▸ Given information

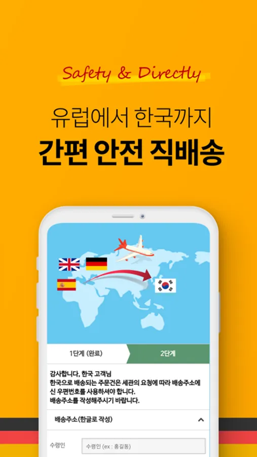 주문 시, 한글로 주소를 입력하면, 배대지를 신청 없이 유럽에서 한국까지 직배송됩니다.
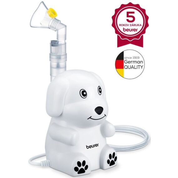 Detský inhalátor BEURER IH24 vhodný pre deti, je dokonalým spoločníkom pri astme, prechladnutí a ochoreniach dýchacích ciest. Mäkká silikónová maska je ideálna pre citlivú detskú pokožku. Detský inhalátor s kompresorovou technológiou stlačeného vzduchu v roztomilom psom dizajne si deti rýchlo zamilujú.Charakteristika a technické údaje: Profesionálny respiračný terapeut na štyroch labkách Cielená liečba horných a dolných dýchacích ciest Osvedčené pri liečbe akútnych a chronických ochorení ako je prechladnutie, astma a bronchitída Technológia kompresora- stlačeného vzduchu vytvára najjemnejšie častice, ktoré transportujú aktívne zložky hlboko do pľúc v priebehu niekoľkých sekúnd Účinná inhalácia už od 6. mesiaca veku dieťaťa Vrátane mäkkej silikónovej masky pre citlivú detskú pokožku Veľkosť častíc (MMAD): 3,07 um Vysoký nebulizačný výkon (cca 0,35 ml/min.) – krátky čas inhalácie Súprava rozprašovača: – Náustok – Detská a dojčenská maska vyrobená zo silikónu – Kolienko – Nebulizér – 10 filtrov – Hadica a úložný vak Pracovný tlak: cca 0,5 až 1,45 bar Plniaci objem atomizéra: max. 8 ml, min. 2 ml Hlučnosť: cca 52 dBA Sieťová prevádzka: 230 V, 50 Hz Hmotnosť produktu: cca 1,5 kg Rozmery produktu: 150 x 210 x 150 mm CE: áno Záruka: 5 rokov Zdravotnícka pomôckaKolekcia starostlivosti o dieťa nemeckého špecialistu Beurer obsahuje starostlivo prispôsobenú škálu produktov, ktoré spĺňajú všetky potreby detí a rodičov: od detských monitorov, klinických teplomerov, detských váh a odsávačiek mlieka až po ohrievače, sterilizátory fliaš či inhalátory. Starostlivosť o dieťa Beurerom, to je len to najlepšie pre našich malých! Inhalátory sú zdravotnícke pomôcky, ktoré umožňujú rozptyľovanie vodnej pary či ukladanie rozprašovacích liekov v hlbších častiach dýchacieho systému, ako je napríklad pľúcne tkanivo. Vyskúšajte to najjemnejšie ošetrenie dýchacích ciest pomocou inhalátorov Beurer.
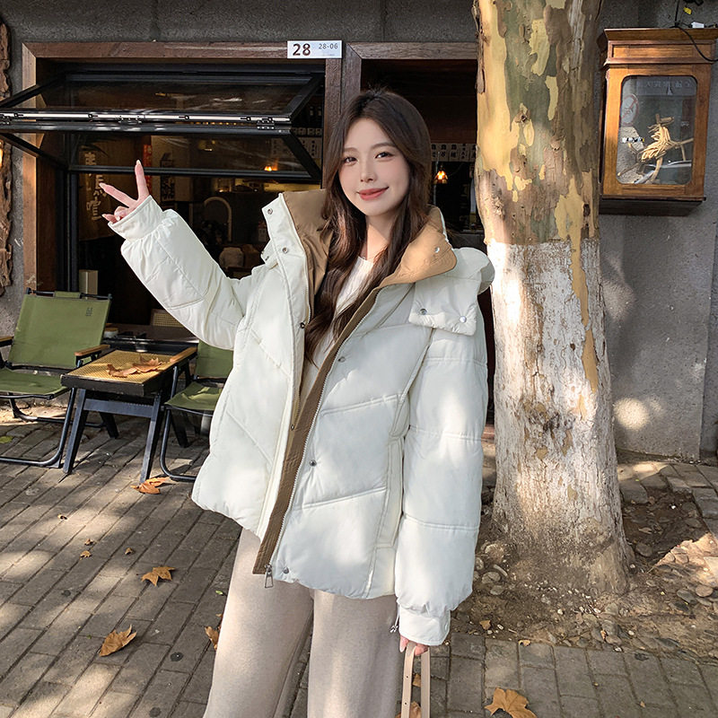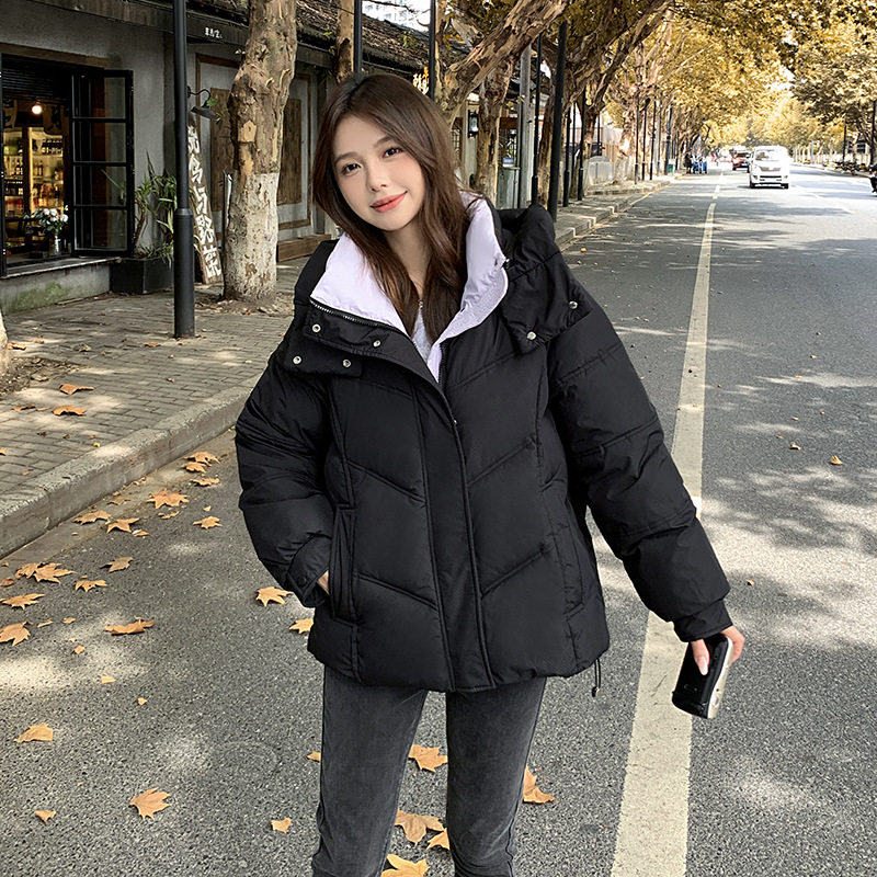 短款棉衣女小个子2024年新款冬季韩版连帽棉服情侣宽松面包服外套
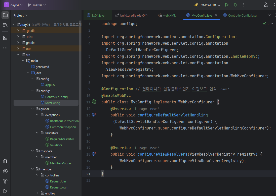 ㄴ configs.MvcConfig , configs.ControllerConfig : 설정 클래스

▸ Exercise description
Your copy should match the data above exactly, apart from the pictures.

▸ Answer space
 주문 시, 한글로 주소를 입력하면, 배대지를 신청 없이 유럽에서 한국까지 직배송됩니다.
 Detský inhalátor BEURER IH24 vhodný pre deti, je dokonalým spoločníkom pri astme, prechladnutí a ochoreniach dýchacích ciest. Mäkká silikónová maska je ideálna pre citlivú detskú pokožku. Detský inhalátor s kompresorovou technológiou stlačeného vzduchu v roztomilom psom dizajne si deti rýchlo zamilujú.Charakteristika a technické údaje: Profesionálny respiračný terapeut na štyroch labkách Cielená liečba horných a dolných dýchacích ciest Osvedčené pri liečbe akútnych a chronických ochorení ako je prechladnutie, astma a bronchitída Technológia kompresora- stlačeného vzduchu vytvára najjemnejšie častice, ktoré transportujú aktívne zložky hlboko do pľúc v priebehu niekoľkých sekúnd Účinná inhalácia už od 6. mesiaca veku dieťaťa Vrátane mäkkej silikónovej masky pre citlivú detskú pokožku Veľkosť častíc (MMAD): 3,07 um Vysoký nebulizačný výkon (cca 0,35 ml/min.) – krátky čas inhalácie Súprava rozprašovača: – Náustok – Detská a dojčenská maska vyrobená zo silikónu – Kolienko – Nebulizér – 10 filtrov – Hadica a úložný vak Pracovný tlak: cca 0,5 až 1,45 bar Plniaci objem atomizéra: max. 8 ml, min. 2 ml Hlučnosť: cca 52 dBA Sieťová prevádzka: 230 V, 50 Hz Hmotnosť produktu: cca 1,5 kg Rozmery produktu: 150 x 210 x 150 mm CE: áno Záruka: 5 rokov Zdravotnícka pomôckaKolekcia starostlivosti o dieťa nemeckého špecialistu Beurer obsahuje starostlivo prispôsobenú škálu produktov, ktoré spĺňajú všetky potreby detí a rodičov: od detských monitorov, klinických teplomerov, detských váh a odsávačiek mlieka až po ohrievače, sterilizátory fliaš či inhalátory. Starostlivosť o dieťa Beurerom, to je len to najlepšie pre našich malých! Inhalátory sú zdravotnícke pomôcky, ktoré umožňujú rozptyľovanie vodnej pary či ukladanie rozprašovacích liekov v hlbších častiach dýchacieho systému, ako je napríklad pľúcne tkanivo. Vyskúšajte to najjemnejšie ošetrenie dýchacích ciest pomocou inhalátorov Beurer.
 短款棉衣女小个子2024年新款冬季韩版连帽棉服情侣宽松面包服外套
 ㄴ configs.MvcConfig , configs.ControllerConfig : 설정 클래스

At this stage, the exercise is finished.